■ **Information provided**:

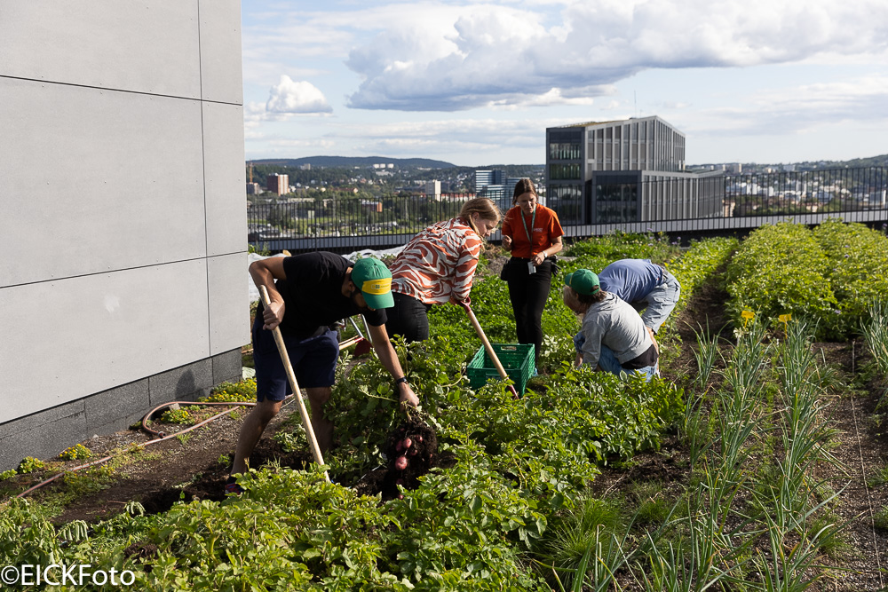 Hvordan kan et næringsbygg være en god nabo, bli en destinasjon og attraktivt for leietakere? Lag et spiselig tak, og åpne det for folk! Økern Portal har Nord-Europas største, spiselige takhage, etablert og driftet av U.Reist.
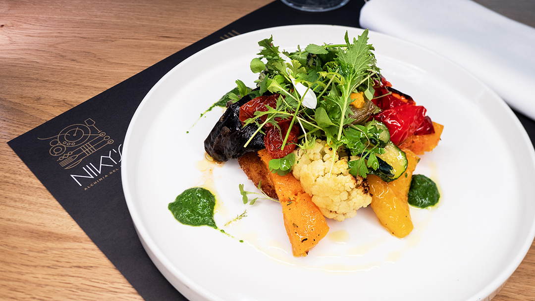 Verdure di stagione cotte al forno condite con olio extra vergine alle erbette. Accompagnato da una purea di spinaci insieme al nostro tortello di patate*
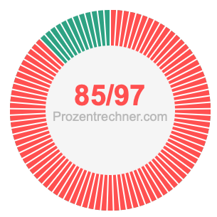 Was ist 85/97 in Prozent? Wie viel ist 85/97 in Prozent? Wie viel Prozent sind 85/97? Hier erklären und zeigen wir Ihnen, wie Sie 85/97 in Prozent berechnen und umrechnen können.

■ **The problem**: With the pictures set aside, return each line of the listing exactly as given.

■ **Exercise output**:
 Hvordan kan et næringsbygg være en god nabo, bli en destinasjon og attraktivt for leietakere? Lag et spiselig tak, og åpne det for folk! Økern Portal har Nord-Europas største, spiselige takhage, etablert og driftet av U.Reist.
 Verdure di stagione cotte al forno condite con olio extra vergine alle erbette. Accompagnato da una purea di spinaci insieme al nostro tortello di patate*
 Was ist 85/97 in Prozent? Wie viel ist 85/97 in Prozent? Wie viel Prozent sind 85/97? Hier erklären und zeigen wir Ihnen, wie Sie 85/97 in Prozent berechnen und umrechnen können.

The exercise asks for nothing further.